## DATA TO USE
══════════

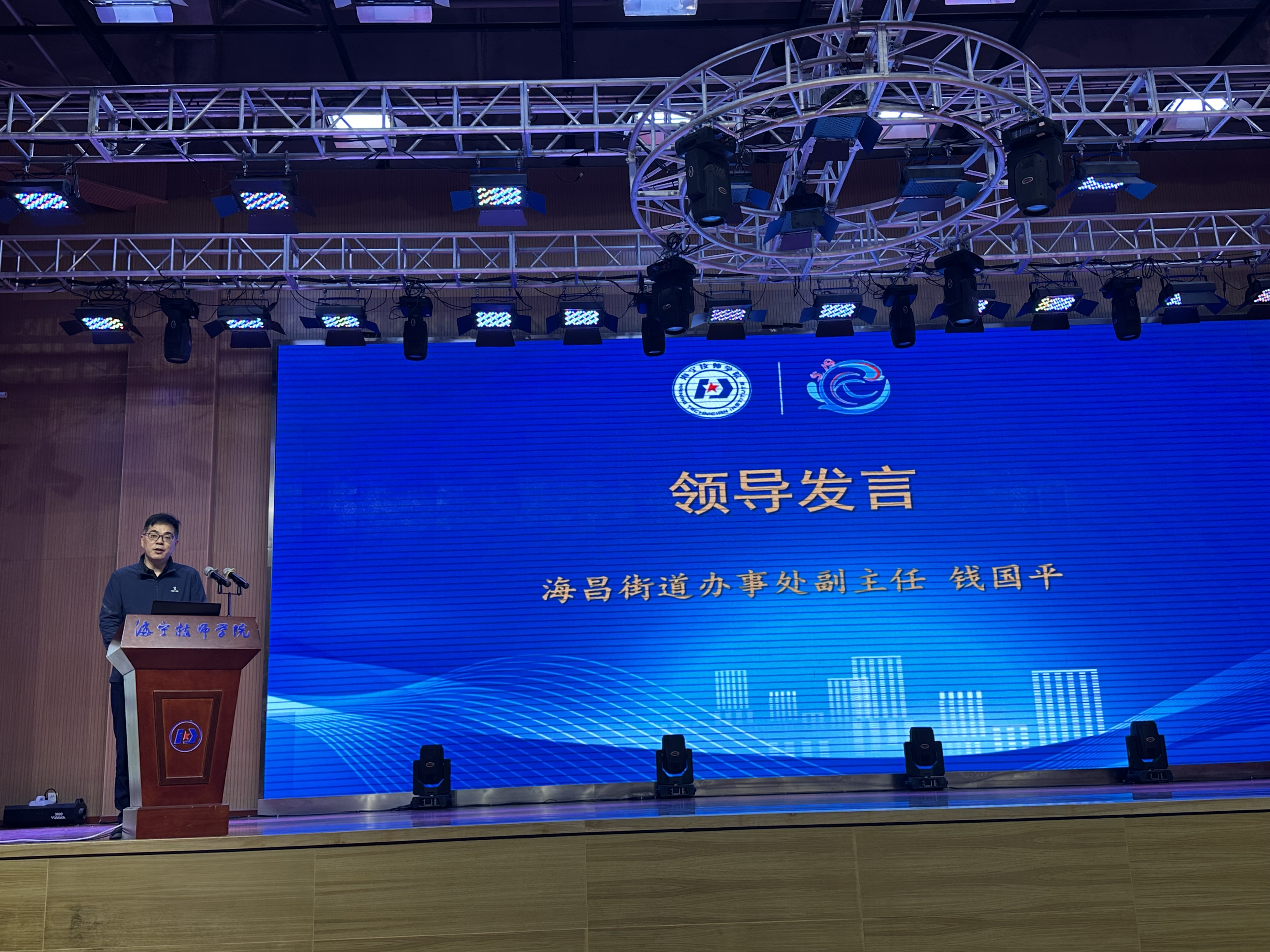 活動的高潮部分,海昌街道辦事處副主任錢國平發(fā)表了講話。他對學院在職業(yè)教育領域取得的成就表示贊賞,并希望未來能夠繼續(xù)加強政校企行合作,共同推動區(qū)域經(jīng)濟發(fā)展。
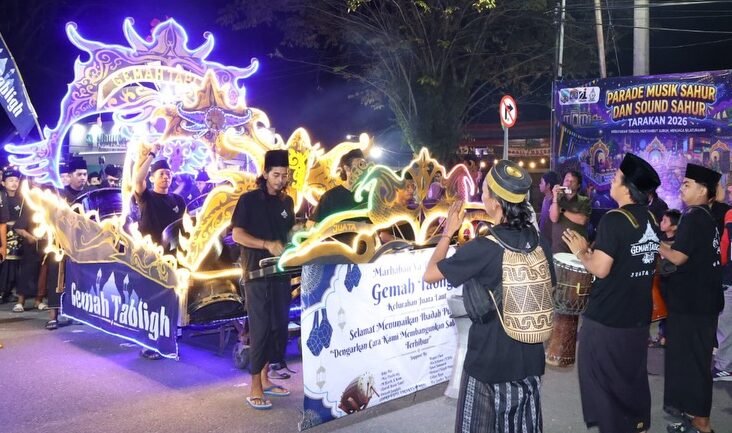 TARAKAN – Kreativitas dan kekompakan Gemah Tablig Kelurahan Juata Laut membuahkan hasil manis. Mereka meraih juara pertama kategori pejalan kaki pada Parade Musik Sahur dan Sound Sahur Tarakan 2026, berkat penampilan unik menggunakan gerobak patrol yang dihias lampu warna-warni.
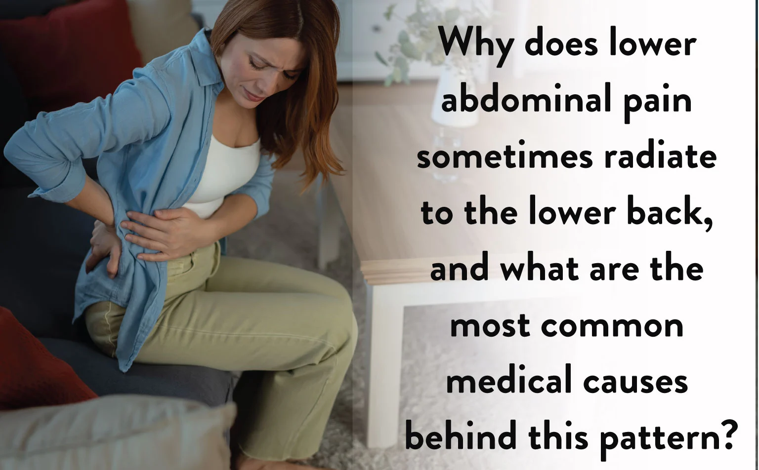 Lower abdominal pain can radiate to the lower back due to shared nerve pathways and interconnected organs in the pelvic region. Common causes include Kidney Stones, Urinary Tract Infection, menstrual cramps, and digestive issues like constipation or gas. In women, conditions such as Endometriosis or ovarian cysts may also cause this pain pattern.
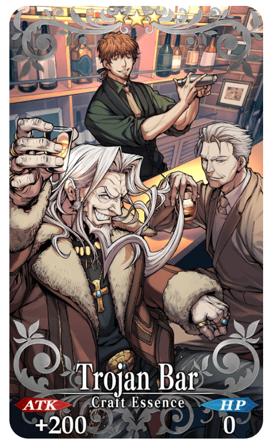 ★★★R Trojan Bar ATK 200 (MAX: 1000) HP 0 Skill Increase NP Gauge by 1% each turn & increase NP Strength by 5% for yourself + Increase amount of Spiderweb Coaster per drop by 1 [Event Only]
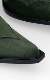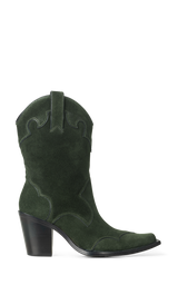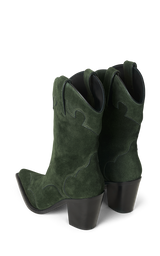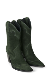 The Andy boot is made in dark army suede, with a western toe and 8 cm slanted heel. The boots have many beautiful details with tone-on-tone stitching - which is part of Free Lance's signature.
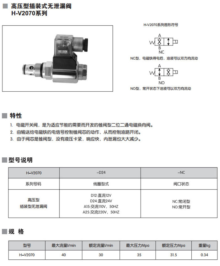 H-V2070-D24-NO,H-V2070-A25-NO,H-V2070-D12-NC,H-V2070-D12-NO,H-V2070-A15-NC,高壓型插裝式無(wú)泄漏閥
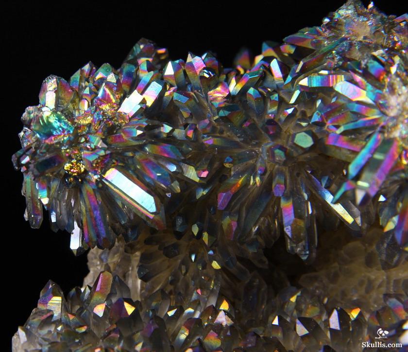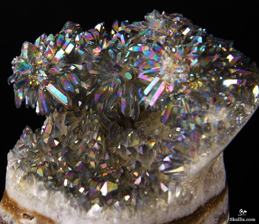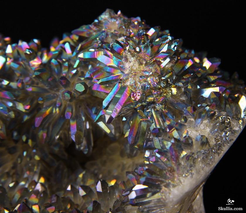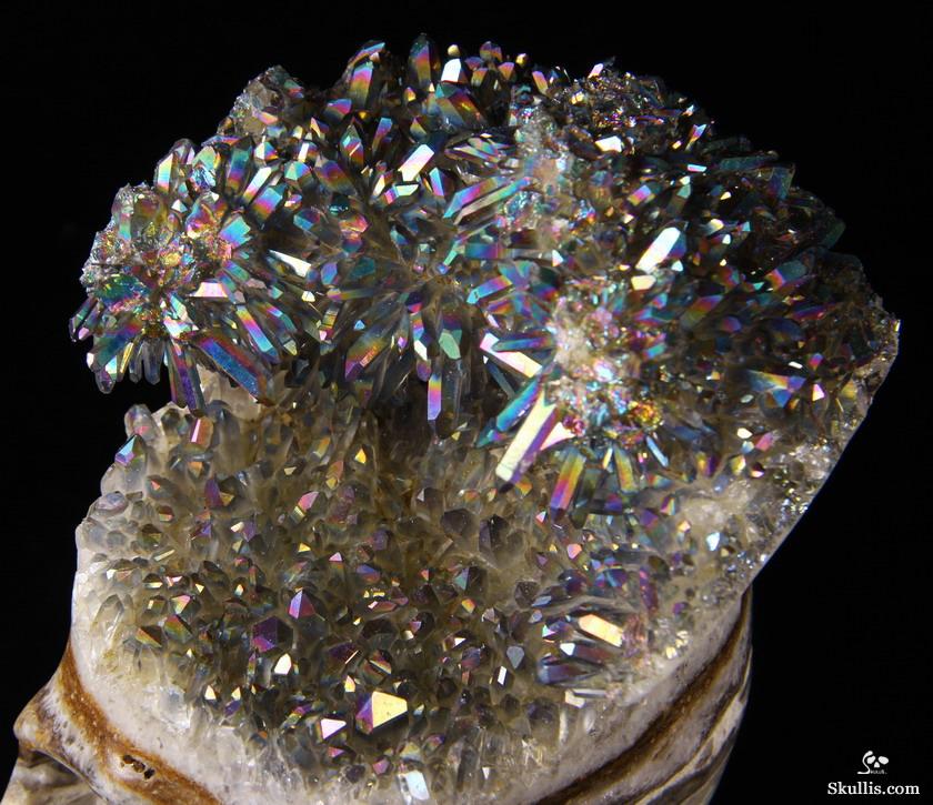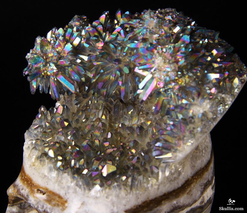Rainbow 5.1" Rainbow Aura Quartz Druse Carved Crystal Skull, Crystal Healing
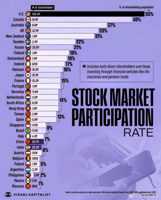 第一名是美国,55% 的股市参与度,3 亿美国人中有 1.8 亿多人都在股市里。
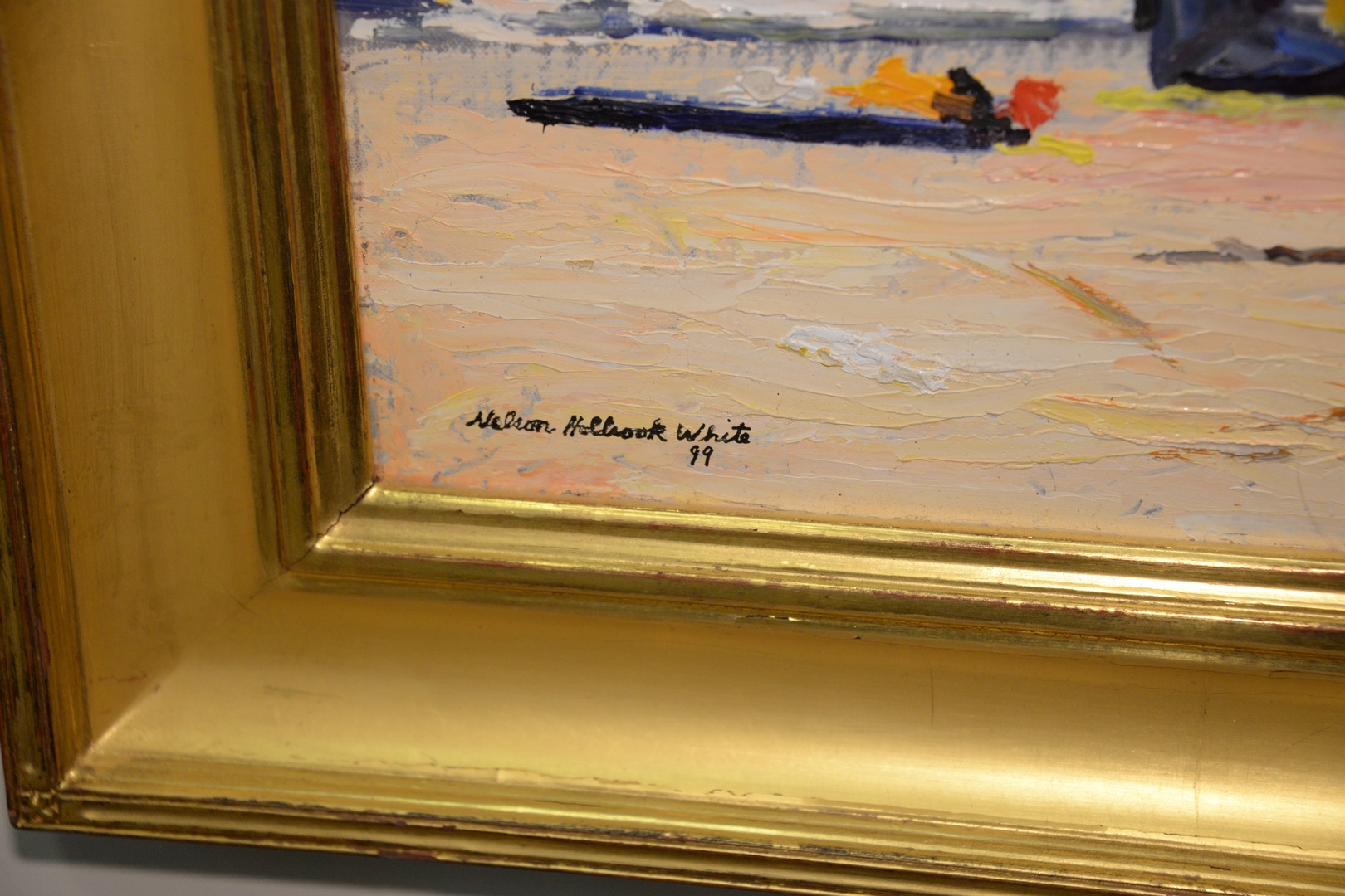 Lot 314: Nelson Holbrook White American, b. 1932 Viareggio, Italy, 1999 oil on canvas board signed and dated lower left, titled verso 11 3/…
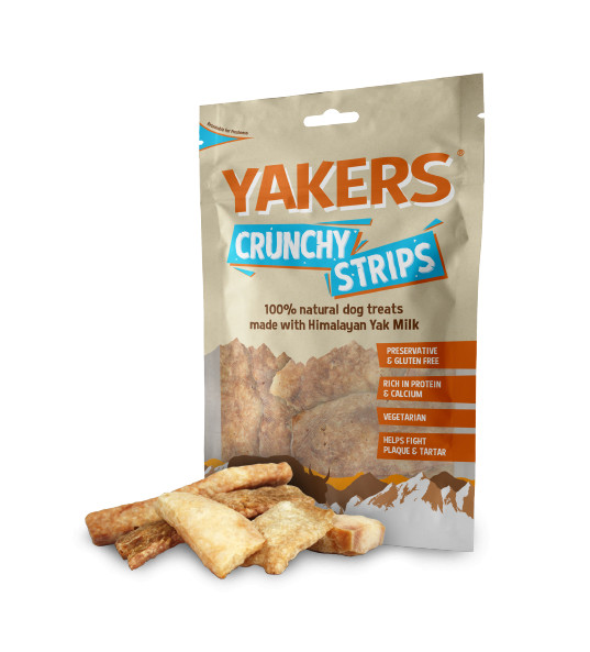 The Yakers Crunchy Strips Dog Treats provide a more substantial treat, packed with nutrition and great taste. A treat that dogs love to get their teeth into, Crunchy Strips are great for helping to fight plaque and tartar while you can rest assured that -like all Yakers products- it’s a treat that’s free from preservatives and gluten and is 100% natural!

══════════

Would you mind transcribing the material exactly, without the pictures?

 活動的高潮部分,海昌街道辦事處副主任錢國平發(fā)表了講話。他對學院在職業(yè)教育領域取得的成就表示贊賞,并希望未來能夠繼續(xù)加強政校企行合作,共同推動區(qū)域經(jīng)濟發(fā)展。
 TARAKAN – Kreativitas dan kekompakan Gemah Tablig Kelurahan Juata Laut membuahkan hasil manis. Mereka meraih juara pertama kategori pejalan kaki pada Parade Musik Sahur dan Sound Sahur Tarakan 2026, berkat penampilan unik menggunakan gerobak patrol yang dihias lampu warna-warni.
 Lower abdominal pain can radiate to the lower back due to shared nerve pathways and interconnected organs in the pelvic region. Common causes include Kidney Stones, Urinary Tract Infection, menstrual cramps, and digestive issues like constipation or gas. In women, conditions such as Endometriosis or ovarian cysts may also cause this pain pattern.
 ★★★R Trojan Bar ATK 200 (MAX: 1000) HP 0 Skill Increase NP Gauge by 1% each turn & increase NP Strength by 5% for yourself + Increase amount of Spiderweb Coaster per drop by 1 [Event Only]
 The Andy boot is made in dark army suede, with a western toe and 8 cm slanted heel. The boots have many beautiful details with tone-on-tone stitching - which is part of Free Lance's signature.
 H-V2070-D24-NO,H-V2070-A25-NO,H-V2070-D12-NC,H-V2070-D12-NO,H-V2070-A15-NC,高壓型插裝式無(wú)泄漏閥
Rainbow 5.1" Rainbow Aura Quartz Druse Carved Crystal Skull, Crystal Healing
 第一名是美国,55% 的股市参与度,3 亿美国人中有 1.8 亿多人都在股市里。
 Lot 314: Nelson Holbrook White American, b. 1932 Viareggio, Italy, 1999 oil on canvas board signed and dated lower left, titled verso 11 3/…
 The Yakers Crunchy Strips Dog Treats provide a more substantial treat, packed with nutrition and great taste. A treat that dogs love to get their teeth into, Crunchy Strips are great for helping to fight plaque and tartar while you can rest assured that -like all Yakers products- it’s a treat that’s free from preservatives and gluten and is 100% natural!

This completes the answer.